Comparison With Alternatives

Approach SwarmMaker LangChain/CrewAI/AutoGen Manual prompt engineering
When it runs Build time (offline) Runtime (online) Human time
Output Static reviewable files Running processes Prompts in code
Provider lock-in None (renders to any target) Framework-specific Provider-specific
Validation Adversarial + programmatic Unit tests on chains Manual review
Evidence trail Full (evidence.json, IR, report) Logs None
Reproducibility Same input → same structure Non-deterministic Depends on author
Source fidelity Per-claim citations required No citation contract No citation contract

SwarmMaker does not replace runtime agent frameworks. It produces the knowledge artifacts those frameworks consume.

Use Cases

Turn a codebase into agent skills

Point SwarmMaker at a repository and it generates skills that know how to use the tools in that codebase. The pipeline detects source files, infers languages and entry points, and produces skills with exact invocation commands.
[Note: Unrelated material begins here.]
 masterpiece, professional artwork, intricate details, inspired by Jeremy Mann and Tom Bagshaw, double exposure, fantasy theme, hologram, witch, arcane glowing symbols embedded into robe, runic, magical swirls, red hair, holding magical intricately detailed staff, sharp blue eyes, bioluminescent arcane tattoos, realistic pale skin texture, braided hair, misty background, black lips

Example: A Python threat hunting toolkit with hash2processarg.py, multikeyword_search.py, and an AMP API client:

swarm-maker --input ./amp-toolkit --model codex --output-swarm claude -o ./SKILL

Generated skill hash-ioc-process-arguments includes:

### Process
1. Validate every supplied line as SHA256 using the pattern ^[a-fA-F0-9]{64}$.
   Source: [amp_client/utils/validators.py](...)
2. Run `python3 hash2processarg.py -c config.txt hashset/windows-binaries/cmd.exe.txt`
   for single-source mode or `python3 hash2processarg.py -c config.txt hashes.txt --csv output.csv`
   for batch mode. Source: [readme.md](...)
3. CHECKPOINT: capture every returned execution record with both the process SHA256
   and child SHA256. If no child SHA256 is returned, store UNKNOWN explicitly.

The agent can now execute the actual tool with the actual flags from the actual source. No invented commands.

Security operations and threat hunting

A security team has runbooks, hash databases, keyword files, API clients, and an OpenAPI spec for their endpoint protection platform. SwarmMaker compiles these into validated skills covering the full hunting workflow.

Example: From a folder containing AMP client code, SHA256 hash sets, IOC keyword files, and an API spec, SwarmMaker generated 10 skills:

Skill What the agent can do MCP Params
credential-theft-hunt Combine tool hashes + LSASS keywords to detect credential dumping 4
keyword-ioc-sweep Multi-type IOC search (hash, IP, string) with type classification 6
lateral-movement-detection Detect lateral movement via network + process correlation 6
network-connection-hunting Hunt malicious connections by hash or URL pattern 6
persistence-mechanism-hunt Detect registry, service, and scheduled task persistence 3
timeline-analysis Reconstruct per-endpoint event timelines 5
hash-ioc-process-arguments Map SHA256 hashes to process execution records with CLI args 3
event-extraction-by-type Extract specific AMP event types for analysis 4
statistics-anomaly-reporting Statistical anomaly detection across endpoint fleet 3
vulnerability-triage Triage CVE exposure across monitored endpoints 3

Each skill includes exact CLI commands from the source (python3 hash2processarg.py -c config.txt hashset/hacking-tools/mimikatz.txt --csv mimikatz_hits.csv), MITRE ATT&CK technique mappings, and an MCP tool definition with typed input parameters.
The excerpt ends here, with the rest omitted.